[What you will do]
Leaving all pictures out, output exactly and only the line containing "Yumuşacık dokusu, oversize" and the lines that follow it to the end of the material below.

[Available data]

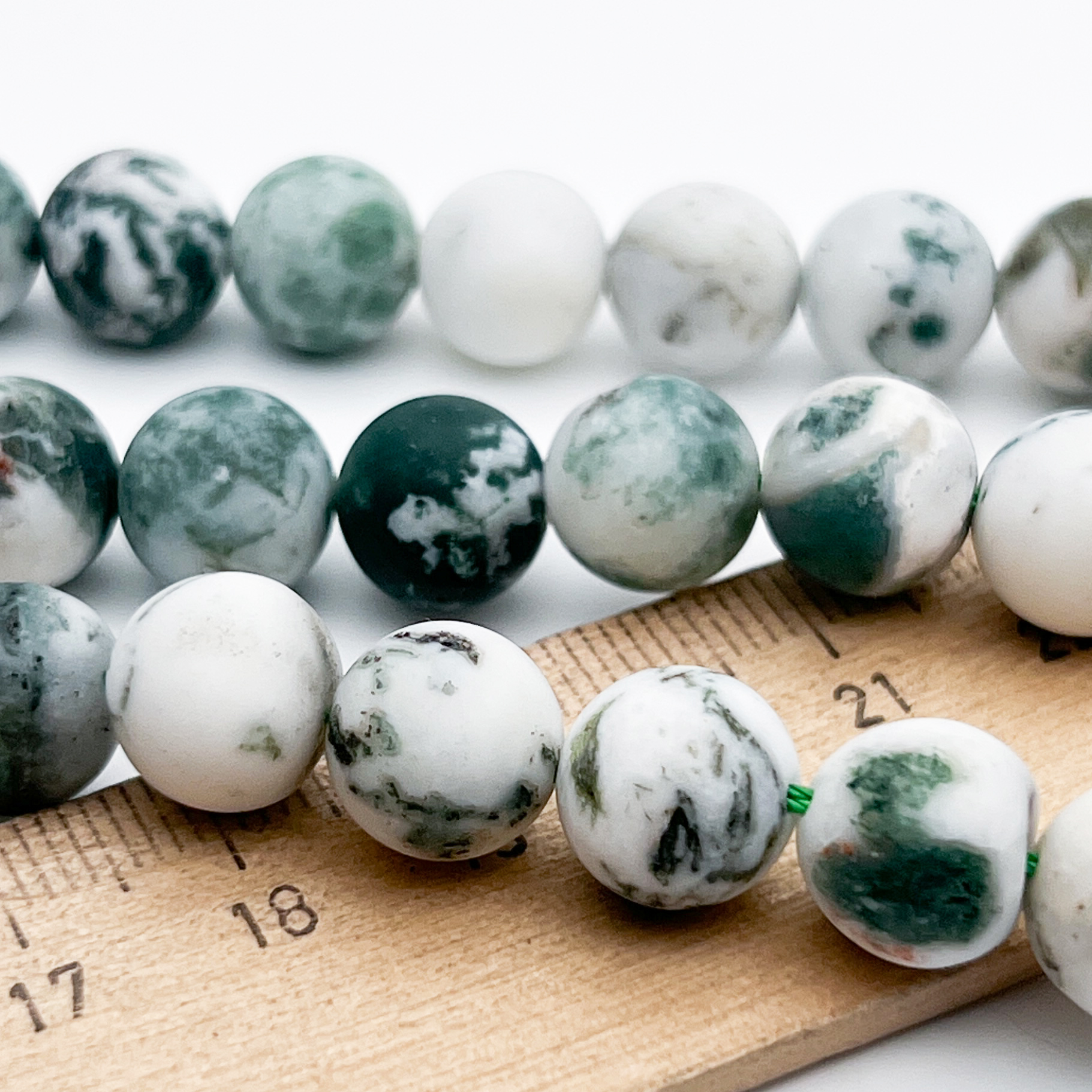 Есть ли данный товар - Моховый агат бусины (сорт Б), матовый шар, диаметр около 9,9-10,2 мм, цена за 18-19 шт (1/2 нити) в вашем шоуруме в Санкт-Петербурге?
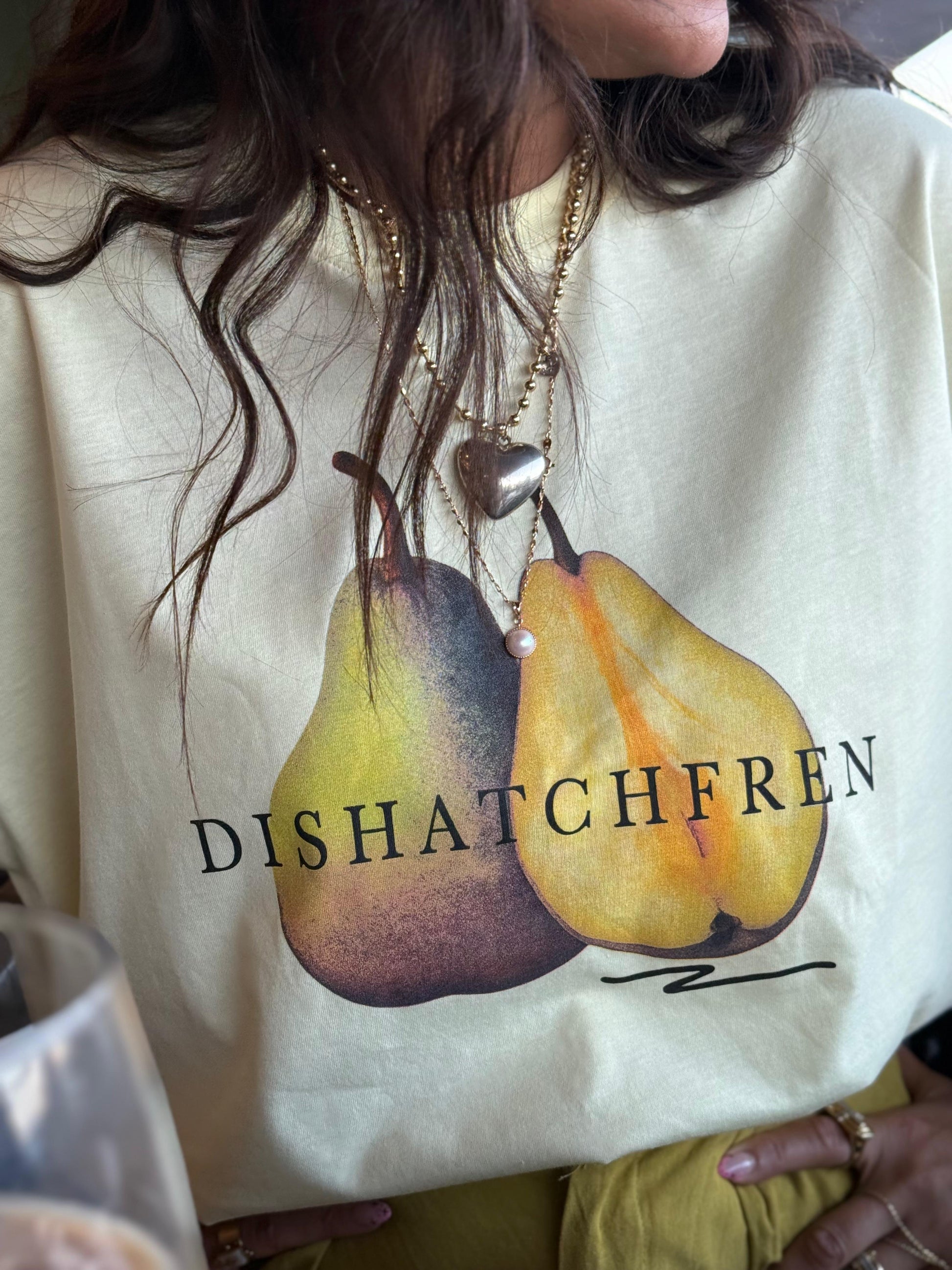 Yumuşacık dokusu, oversize kalıbı ve canlı armut baskısıyla her kombine tatlı bir dokunuş yap. Hem günlük hem de sokak stiline uyumlu bu parça, gardırobunun favorisi olacak.
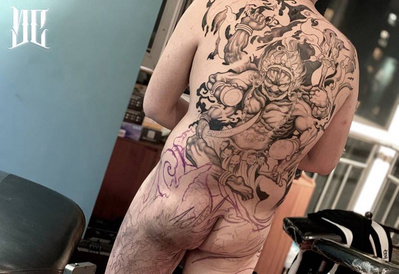 • 黑灰满背纹身图案
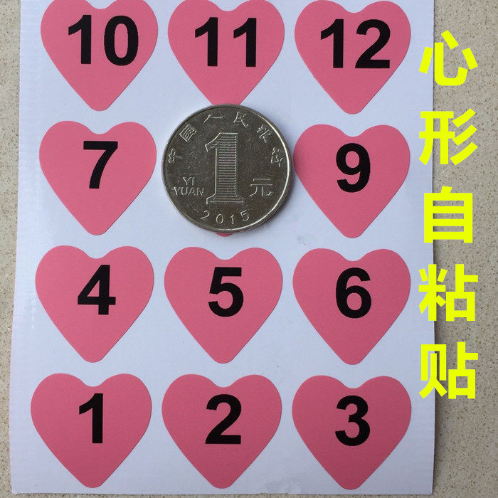 Waterproof Loving Shape 1-50 Pink Blue Color Number Wine Cup Teacup Mark Number number stickers 1-99

[Response]
 Yumuşacık dokusu, oversize kalıbı ve canlı armut baskısıyla her kombine tatlı bir dokunuş yap. Hem günlük hem de sokak stiline uyumlu bu parça, gardırobunun favorisi olacak.
 • 黑灰满背纹身图案
 Waterproof Loving Shape 1-50 Pink Blue Color Number Wine Cup Teacup Mark Number number stickers 1-99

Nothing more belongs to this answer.